5. In Shop Siddegowda & Family v. Commissioner of Income-tax, this court expressed the view that where one Income-tax Officer issues a notice under section 28(3), and the assessee submits his Explanation in writing, but does not choose to appear or does not ask for an opportunity to adduce evidence or address arguments, the successor Income-tax Officer has the competence to impose a penalty after scrutiny and consideration of the written representation, without making available to the assessee a fresh opportunity of being heard, unless the assessee himself asks for such opportunity under the first proviso to section 5(7C).

6. According to the statement of the case submitted to us by the Tribunal, the assessee produced a statement in writing before the Income-tax Officer who stood transferred, and there was no oral representation made by the assessee. That is how we should understand what the Tribunal has stated in the course of its order in which it pointed out that the Tribunal was unable to find from the record anything to support the theory that there was some oral representation in addition to what was stated in writing.

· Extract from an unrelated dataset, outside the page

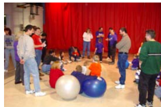
Pioneers Induction Ceremony

Children whose parents are involved in their lives are more confident and less anxious in unfamiliar settings, are better able to deal with frustration, better develop a sense of independence, are more likely to become compassionate adults, have higher self-esteem, have higher grade-point averages, and are more likely to be sociable.

7. Mr. Chouta for the assessee asked us to say that the assessee did make an oral representation before the transferred Income-tax Officer and in support of this submission he asked attention to a communication addressed by the assessee to that Income-tax Officer on March 20, 1959. The difficulty which Mr. Chouta encounters in making this submission is two-fold. The first is that the Tribunal has recorded an unmistakable finding that no oral representation was made and that no oral argument was addressed before the transferred Income-tax Officer. The second is that the communication on which Mr. Chouta depends does not support the submission that there was any such oral representation or argument. That communication makes it clear that the assessee and his representative spoke to the transferred Income-tax Officer at one stage but that stage was antecedent to the commencement of the penalty proceedings. It is clear, therefore, that the occasion on which the assessee and his representative met the Income-tax Officer and tendered some oral explanation was the occasion antecedent to the production of the revised return. That being so, it is clear, and that is how we understand the Tribunal to have viewed the matter, that the Appellate Assistant Commissioner did not properly comprehend the letter addressed by the assessee to the transferred Assistant Income-tax Officer on March 20, 1959.

8. The position, therefore, is that after the commencement of the penalty proceedings, the assessee produced a written representation opposing the imposition of penalty before the transferred Income-tax Officer. There was thereafter no oral argument or representation addressed or made to him before he was transferred in May, 1960. So, when the Income-tax Officer who imposed the penalty took up the matter, he had before him the written representation and no request was made to him by the assessee that the proceedings should be reopened or that he should be reheard. That being so, there was complete compliance with section 28(3) and section 5(7C) of the Act, and there was no obligation on the part of the successor Income-tax Officer to afford another and a fresh opportunity to the assessee to make any further representation. That that is the proper conclusion is clear from the decision of this court in Shop Siddegowda and Family v. Commissioner of Income-tax.

9. Our answer to the question referred to us, therefore, is against the assessee and our answer is that the successor Income-tax Officer was competent to levy the penalty without giving a fresh opportunity to the assessee of being heard.

10. We, however, make no direction in regard to costs.